ВТОРАЯ. Ах, даже так, да? Вот такушки, да? Ну-ну. Ясно. Раз так — пойду, выйду. Мне с такой дурой одним воздухом дышать противно в одном салоне. Что за люди пошли, каждой дырке они затычка… Пойду. Ясно всё. Пусть тромбон, а я — пойду, чтоб только…

Встала, пошла к выходу в переднюю дверь. ПЕРВАЯ тоже встала, пошла за ней следом.

Куда ж ты, охранительница богатства народа, Паша Ангелина, Павлик Морозов, Стаханов наш, а?! Ты же хотела охранять, нет? Эй, дама, куда, ну?

ПЕРВАЯ. Куда, куда. На улицу Труда, задом резать провода, в Союзпечать, каку качать, ты носом, я насосом.

ВТОРАЯ. Чего?!

ПЕРВАЯ. Куда надо. Ниже своего достоинства считаю говорить с такими вот как вот такие вот, понятно?

ВТОРАЯ. С какими с такими вот как вот такие вот, не поняла?

ПЕРВАЯ. Да вот с такими вот как такие вот тут стоят вот тут вот, ясно?!

МОЛЧАНИЕ.

ВТОРАЯ. Это чего ты понесла-то, а?! У тебя что, говнодержатель сломался, несёшь такое? Ты смотри, земноводное какое, а?! Тундра ты, Тюмень такая, тебе в дом без углов надо, к людям пристаёт, ханыга, профурсетка такая! Что пристала? Тебе чего надо, дура чертова, ты не видишь, довела — я уже белая, мне скорую уже надо, я тебе на хвост, что ли, наступила, чего надо тебе такая ты растакая распротакая, ну?! (Нашла в сумке, наконец-то, очки, надела на нос.)

ПЕРВАЯ. Ай, ай. Испугала. Неотложку, скорёжку. Не лепи горбатого. Не помрёшь. Квашня, матрас надувной, нажрала будку, студень копытный. Ой, испугала. Корчит из себя туза. «Дама, дама». Сама ты — мадам Бич. Больная, смотрите. Да ты как лось носишься ещё по похоронам. Испугала. Ой, как страшно.

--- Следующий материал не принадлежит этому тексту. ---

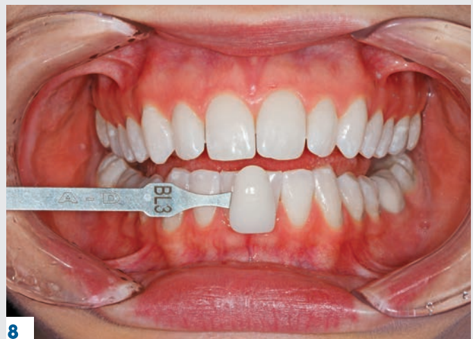
[ Figs. 1-8 ] One-touch operations on a large 3.5 inch LCD Touch Screen (Fig. 1). 8 Pre-Set Dental Shooting Modes (Fig. 2). Full Face Photo (Fig. 3). Retracted Smile – Notice the depth of field all the way back to the posterior (Fig. 4). Right Buccal shot, upper and lower teeth together focusing on the Right Buccal in the center of the frame (Fig. 5). Left Buccal shot, upper and lower teeth together focusing on the Left Buccal in the center of the frame (Fig. 6). Isolate Shade – You can isolate the teeth shade, graying out the gingival color for optimum shade matching capabilities (Fig. 7). Whitening mode - Allows for true color reproduction (Fig. 8).

Первая зацепилась углом плаща за ручку, дёрнула и пуговки с плаща посыпались, показалась под плащом сиреневая юбка. Первая сняла платок, стряхнула его, парик набок едет. Вторая поражённо смотрит на Первую.

ВТОРАЯ. Постой-ка, я ж тебя знаю… Итит твою мать, здрасьте. Очки искала, нашла, и вот.

ПЕРВАЯ. Вы ошибаетесь. Пустите меня! Пусти, ты, сказала, рахит проклятый! Ты заразная, вся флора на тебе, не трогай меня, ну?! Пусти, врежу!

ВТОРАЯ. Врежет она мне, да? Попалась, милка! Стоять, Машка! Очко-то — жим-жим сразу! Маша с Уралмаша, деловая Маша!

Первая пошла к двери, Вторая перегородила ей дорогу, схватила за полу плаща.

Так-так-так, вонюхля такая. Тебе, значит, адрес, сказать, куда мне ехать надо, нет? Адрес, да? Сучка такая, а?!

ПЕРВАЯ. Отстань, сказала! У тебя, дура такая, в голове ветер, в жопе дым, отвали!

ВТОРАЯ. Ишь, что говорит старшим, ишь, как ты навострякалась задом гвозди дёргать, а?! А ведь молодая ещё, парики носит, красится, всю морду губнушкой извозюкала, сучка, что тебе надо?!

ПЕРВАЯ. Что тебе надо?! Что пристала, ну?! Пусти!!!

Побежала ко второй двери, а дверь вдруг сама собой «вжик!» и закрылась. Первая остановилась испуганно, кинулась в другой угол трамвая, сумку к себе прижимает, смотрит с ужасом на двигающуюся к ней Вторую.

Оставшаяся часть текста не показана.